Elicitation

douglas adams vindication

Elicitation is a funny category. You can ask a question, you can ask a leading question, you can leave a hint. You can give step-by-step instructions. You can do socratic tutoring. Of course I am naming a generic problem in an obtuse way, there are no neat platonic tests. Also if you are eliciting humans We can talk about elicitation in the meanwhile. By way of demonstration: today models are badly under-elicited. I’m not sure what I mean by that, but I’m quite sure it’s true. Distinguish from the general "capabilities overhang" idea. Which I also buy.

\ The good stuff is stuck inside, you’ve just got to get it out. Elicitation is pulling something from the model. You can “hand-elicit” models (that's what you are doing when you use them).
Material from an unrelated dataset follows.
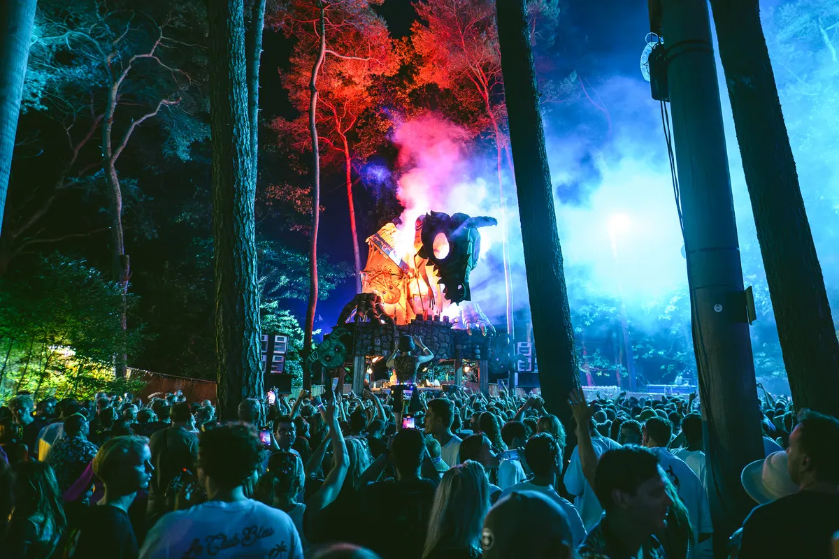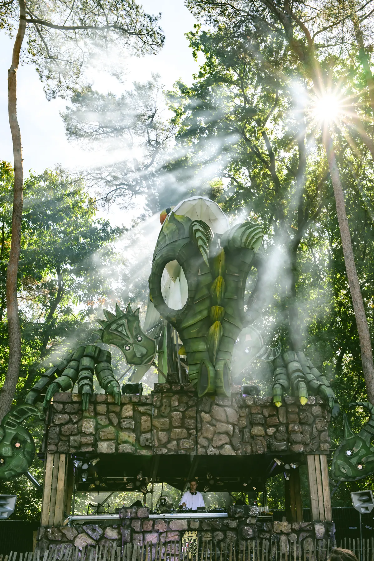 Een paar honderd bomen verder ligt de Takkenstage. Daar spreekt Fejká de taal van het bos. Of beter gezegd; helpt het bos spreken. Zijn kalme atmosferische ambient sluit naadloos aan op de omgeving. De melodische synths stromen door de bomen en de luisteraar zweeft er als een vlieger op mee. In zijn drie kwartier durende live-set komen veel van zijn grote platen langs. Handen worden geheven richting de meters grote gevleugelde kikker, die een drakenmasker draagt. Maar dan begint de maag te knorren, dus misschien is het tijd om even op een kritisch nootje te knabbelen.

Claude Code works a lot better for some people than it does for others. You can also do scaffolding for elicitation. Claude works a lot better in some harnesses than others. Contrast gains from elicitation with gains from external affordances. Models are bad at arithmetic, so you give them a calculator. You get a system which can do arithmetic. But you are not eliciting any latent ability. Models are bad at arithmetic, so you prompt them to “think step by step.” Now they are marginally less bad. The method routes through the model. It turns out models could do arithmetic (if with considerable effort).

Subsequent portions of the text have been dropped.